Note 3 : We think that this phenomenon is related to the theorem which says that if $p$ is prime, $s(p^i)$ is a factor of $s(p^{im})$ for every positive integer $m$, see post #466.

This theorem ensures, for example, that exponents multiple of 12 have many prime factors in their factorization (like $2^{12}$ itself), which ensures them growth for a few iterations.

Because of this mechanism, this conjecture looks more like those of post #447, see below.

### Conjectures (138) to (139) published on March 6, 2021, on the Mersenne forum, see post #952

#### Conjecture (138) :

Base 6 sequences starting with $6^{(2^3 \cdot 3^2 \cdot 5 \cdot 7)k}$ are increasing at least from index 1 to 2.

If we prove that:

$2^{(2^3 \cdot 3^2 \cdot 5 \cdot 7)k + 1} - 1 \equiv 1 \pmod{d}$

$\frac{3^{(2^3 \cdot 3^2 \cdot 5 \cdot 7)k + 1} - 1}{2} \equiv 1 \pmod{d}$

$6^{(2^3 \cdot 3^2 \cdot 5 \cdot 7)k} \equiv 1 \pmod{d}$

Then $s(6^{(2^3 \cdot 3^2 \cdot 5 \cdot 7)k}) = (2^{(2^3 \cdot 3^2 \cdot 5 \cdot 7)k + 1} - 1) \cdot \frac{3^{(2^3 \cdot 3^2 \cdot 5 \cdot 7)k + 1} - 1}{2} - 6^{(2^3 \cdot 3^2 \cdot 5 \cdot 7)k} = 1 \cdot 1 - 1 \pmod{d}$.

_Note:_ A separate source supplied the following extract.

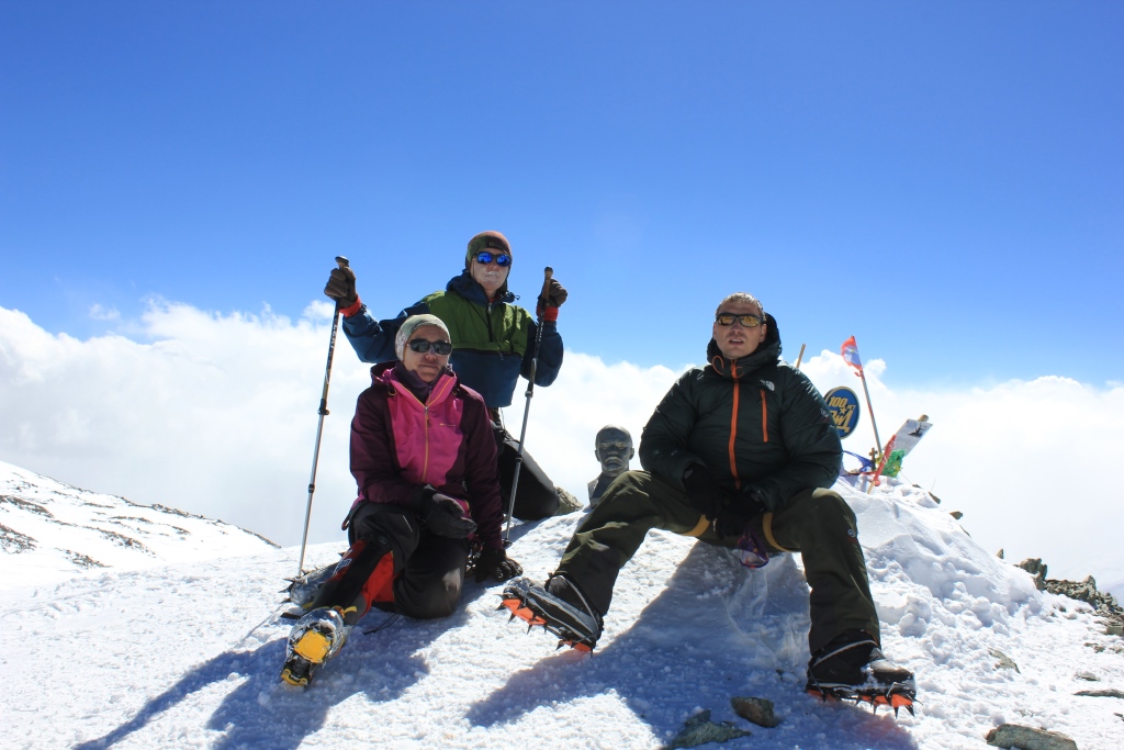 Подъем в 3.00, выходим в 5.10. С вершины Раздельная спускаемся по широкому и пологому снежному склону на седловину (перевал Раздельный) (фото 20) Здесь также некоторые восходители ставят палатки и с седловины стартуют на вершину. На седловине есть трещины. С седловины в сторону пика Ленина уходит некрутой и широкий снежно-осыпной гребень. По нему за 2 часа поднимаемся на плато 6400. Здесь двое участников команды из-за плохого самочувствия поворачивают назад, а трое продолжают восхождение. Протяженность снежного плато около 1 км. Здесь также некоторые восходители организуют биваки, однако надо учитывать, что здесь бывают ураганные ветры. Далее примерно за 1 час пересекаем плато и подходим ко второй некрутой ступени на гребне. Здесь гребень сужается и на коротком участке (30-40 м) образует так называемый «нож», на самом деле, не очень крутой снежный узкий участок гребня (фото 21) Здесь закреплены стационарные перила. Мы воспользовались ими только на спуске. Участок обхода ножа требует аккуратного прохождения ввиду того, что склон продолжается обрывами к лагерю 2. Далее выходим на длинный снежно-осыпной широкий гребень с выходами скал (фото 22) , а по нему на плато 7000 м. После плато идет вершинный купол, представляющий из себя череду снежно-осыпных ступеней. Подъем на купол занял более 1ч при общем перепаде от плато порядка 100 м. Вершина представляет собой снежно-осыпное плато. Тур находится у небольшой груды камней, здесь стоит бюст В. И. Ленина (фото 23) , рядом небольшой обелиск парашютистам. Выйдя из лагеря 3 утром в 5.10, мы достигли вершины в 15.00, затратив на подъем порядка 10-ти часов. Спуск в лагерь 3 по пути подъема занял 4,5 часа.

For $p$ prime, and a such that $\gcd(a, p) = 1$, we must have $a^{p-1} \equiv 1 \pmod{p}$.

So if $p - 1 \mid 2^3 \cdot 3^2 \cdot 5 \cdot 7$, it means $2^{(2^3 \cdot 3^2 \cdot 5 \cdot 7)k} \equiv 1^k \equiv 1 \pmod{p}$, hence $2^{(2^3 \cdot 3^2 \cdot 5 \cdot 7)k + 1} - 1 \equiv 1^k \cdot 2 - 1 \equiv 1 \pmod{p}$.

Same thing for 3 and 6.

That takes care of $p$ = 5+, 7+, 11, 13, 19, 29, 31, 37, 41, 43, 61, 71, 73, 127, 181, 211, 281, 421, 631

(+ This only prove that 5, 7 divide $s(6^{(2^3 \cdot 3^2 \cdot 5 \cdot 7)k})$, not $5^2$, $7^2$)

For $p = 337$, we have $\frac{p - 1}{2} \mid 2^3 \cdot 3^2 \cdot 5 \cdot 7$. Possible values for $a^(\frac{p - 1}{2})$ are $\pm 1 \pmod{p}$. I guess that mean $2^{(337 - 1)/2}$, $3^{(337 - 1)/2}$, $6^{(337 - 1)/2}$ are happened to be $1 \bmod 337$.

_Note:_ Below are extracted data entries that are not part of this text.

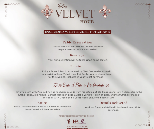 This is the dinner event of the year. Come enjoy a live Grand Piano Performance by Pyramid Ron. Chef Jose Valdez will be providing entrée options included with your ticket purchase.
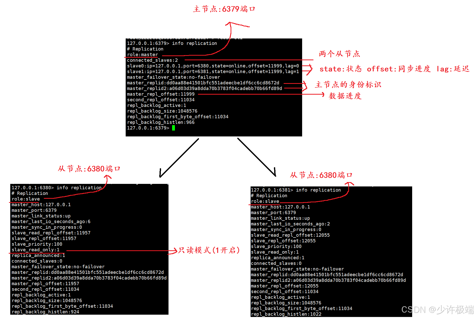3. offset 为偏移量, 在主节点中, 每个修改命令(类似于set/lpush/zset这样)会有相应字节数, 每执行一次修改操作, 主节点的offset会累加对应的字节数。在从节点中, offset表示当前同步进度, 当主从节点的offset值相同时, 代表同步完成
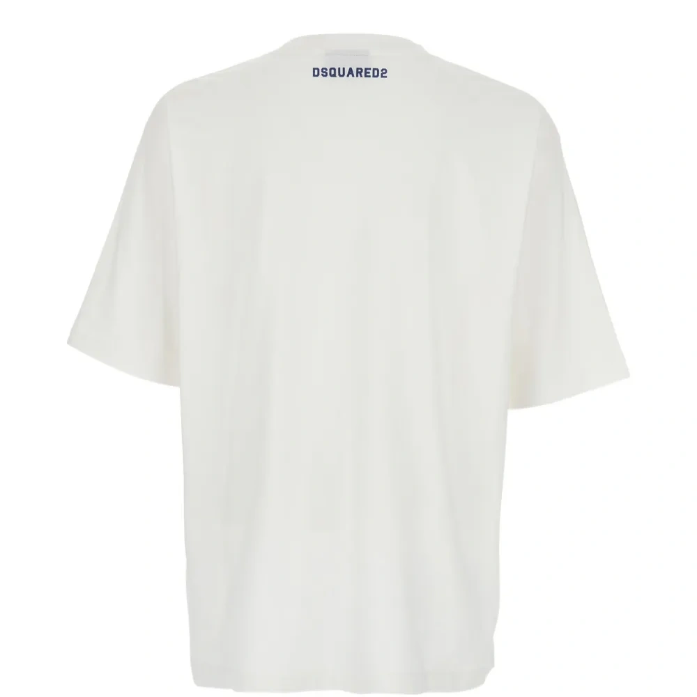 белый топ с аппликацией, круглый вырез, короткие рукава

To prove that $5^2$, $7^2$ divide $s(6^{(2^3 \cdot 3^2 \cdot 5 \cdot 7)k})$, we use the fact that if $a \equiv 1 \pmod{p}$, then $a^p \equiv 1 \pmod{p^2}$.

$(5 - 1) \mid 2^3 \cdot 3^2 \cdot 7$, so $a^{2^3 \cdot 3^2 \cdot 5 \cdot 7} \equiv 1 \pmod{5^2}$ for $\gcd(a, p) = 1$

$(7 - 1) \mid 2^3 \cdot 3^2 \cdot 5$, so $a^{2^3 \cdot 3^2 \cdot 5 \cdot 7} \equiv 1 \pmod{7^2}$ for $\gcd(a, p) = 1$

See successively on the Mersenne forum, posts #953, #954 and #960

#### Conjecture (139) :

There exists for each base $b$ a starting exponent $i$, such that for any integer $k$, the sequences $b^{ik}$ are increasing from index 1 during at least one iteration.

### Conjectures (140) published on April 7, 2021, on the Mersenne forum, see post #1074

#### Conjecture (140) :

If a base $b = p\#$ is primorial ($p\text{ is prime, } p \gt 41$), then $s(b^{2 + 6k})$ is abundant.

This new conjecture completes and replaces Conjecture (134) and Conjecture (135).